JEREMY Irvine will make his West End debut in Sam Shepard’s Pulitzer and Obie prize-winning play Buried Child, which runs at Trafalgar Studios for a strictly limited season – from November 14, 2016 to February 18, 2017.

Irvine will be taking on the role of Vince, and starring alongside the previously announced Ed Harris and Amy Madigan, who will both be reprising their roles of Dodge and Halie respectively. Further casting will be announced in due course.

One of the most exciting young British actors of his generation, Jeremy Irvine was discovered by Steven Spielberg for the starring role in his epic war film War Horse in 2011. Irvine subsequently earned widespread critical acclaim for his role opposite Dakota Fanning in the independent film Now Is Good, leading critics to list him among Hollywood’s fastest-rising stars.

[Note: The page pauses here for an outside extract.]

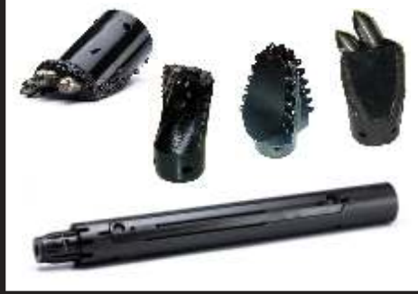
TRIHAWK KAZICI UÇLAR

Now Is Good was followed by Mike Newell’s Great Expectations in which he starred as Pip.

In 2013, Irvine gained a reputation as a method actor after he dropped more than 25 pounds and performed his own torture scene stunts in the film adaptation of The Railway Man. Since then, he has starred in Stonewall, A Night in Old Mexico, The World Made Straight, Woman in Black 2: Angel of Death, Bad Education: The Movie and Beyond the Reach, in which he stars alongside Michael Douglas.

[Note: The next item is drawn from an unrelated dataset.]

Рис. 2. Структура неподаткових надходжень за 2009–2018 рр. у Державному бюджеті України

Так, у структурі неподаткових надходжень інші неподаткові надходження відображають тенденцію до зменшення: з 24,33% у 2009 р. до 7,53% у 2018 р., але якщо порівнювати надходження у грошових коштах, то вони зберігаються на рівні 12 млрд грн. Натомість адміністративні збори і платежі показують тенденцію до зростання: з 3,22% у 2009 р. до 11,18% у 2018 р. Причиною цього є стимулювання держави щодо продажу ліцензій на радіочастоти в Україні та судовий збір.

Irvine’s forthcoming films include Fallen (based on the bestselling book Billionaire Boys Club) alongside Taron Egerton, Kevin Spacey and Suki Waterhouse, and This Beautiful Fantastic, alongside Jessica Brown Findlay, Andrew Scott and Tom Wilkinson.

Buried Child finds Dodge and Halie barely hanging on to their farmland and their sanity while looking after their two wayward grown sons. When their grandson Vince arrives with his girlfriend, no one seems to recognize him, and confusion abounds. As Vince tries to make sense of the chaos, the rest of the family dances around a deep, dark secret.

Described as a wildly poetic and cuttingly funny take on the American family drama, Buried Child gleefully pulls apart the threadbare deluded visions of our families and our homes.